### What you need to do
What you return should be the lines from the one with "Pfarrer Henn predigte" through the one with "Al finalizar la" in the data below, reproduced exactly with both ends, and no pictures at all.

### Data shown
********

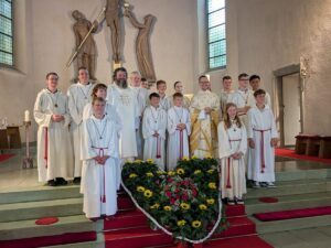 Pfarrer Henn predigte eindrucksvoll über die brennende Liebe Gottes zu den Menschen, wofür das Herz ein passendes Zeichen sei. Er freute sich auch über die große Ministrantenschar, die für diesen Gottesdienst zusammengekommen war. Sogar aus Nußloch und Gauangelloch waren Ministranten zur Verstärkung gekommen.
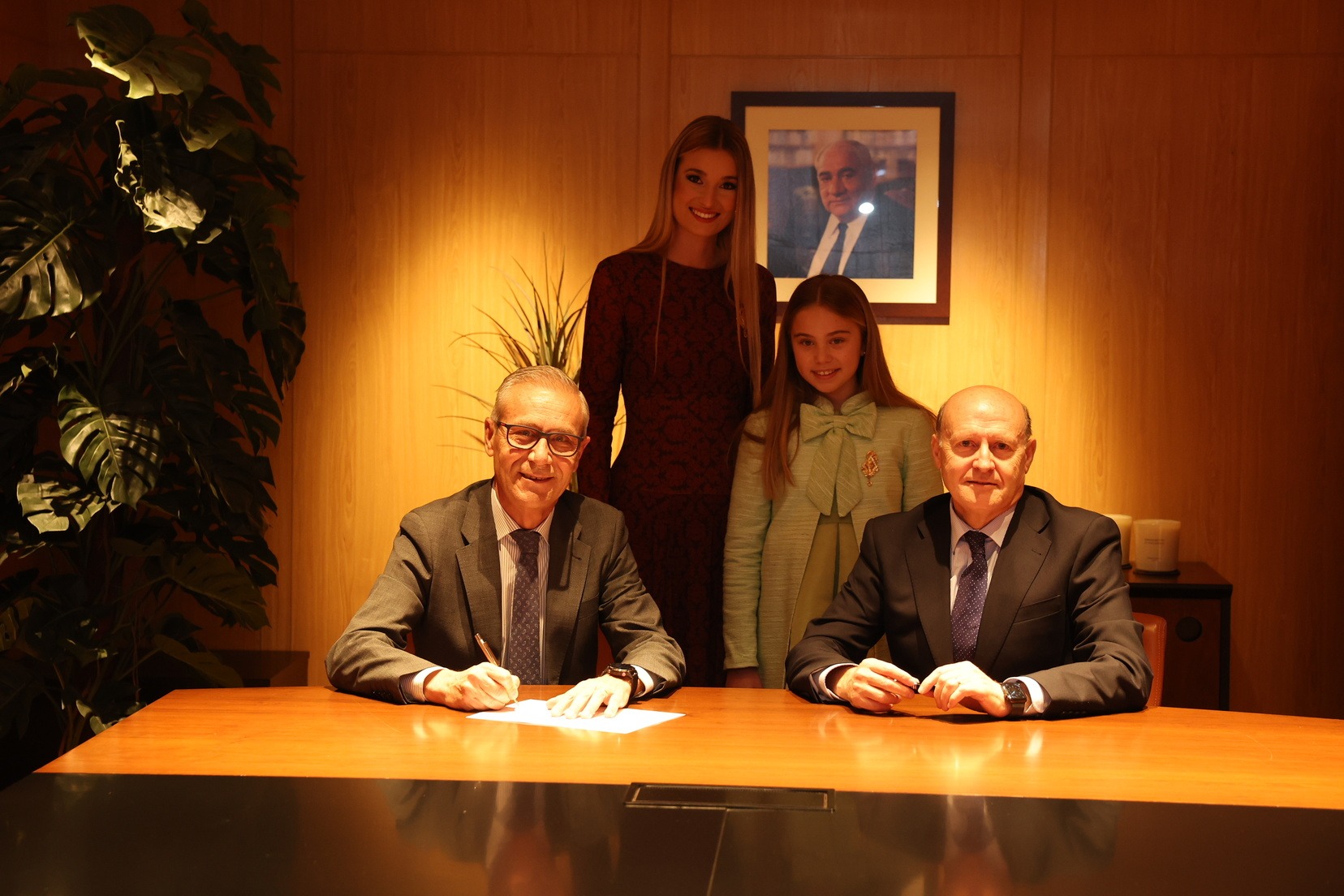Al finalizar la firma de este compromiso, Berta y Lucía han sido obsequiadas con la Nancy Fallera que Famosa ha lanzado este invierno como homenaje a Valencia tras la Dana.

********

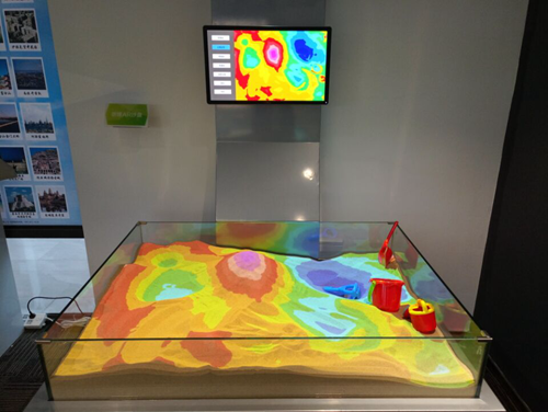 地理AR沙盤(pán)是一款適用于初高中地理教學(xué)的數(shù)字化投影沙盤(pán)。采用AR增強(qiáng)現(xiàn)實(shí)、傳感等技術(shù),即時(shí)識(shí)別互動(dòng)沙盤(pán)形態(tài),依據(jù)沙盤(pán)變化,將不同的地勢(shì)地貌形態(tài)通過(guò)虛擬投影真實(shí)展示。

********

### Written response
 Pfarrer Henn predigte eindrucksvoll über die brennende Liebe Gottes zu den Menschen, wofür das Herz ein passendes Zeichen sei. Er freute sich auch über die große Ministrantenschar, die für diesen Gottesdienst zusammengekommen war. Sogar aus Nußloch und Gauangelloch waren Ministranten zur Verstärkung gekommen.
Al finalizar la firma de este compromiso, Berta y Lucía han sido obsequiadas con la Nancy Fallera que Famosa ha lanzado este invierno como homenaje a Valencia tras la Dana.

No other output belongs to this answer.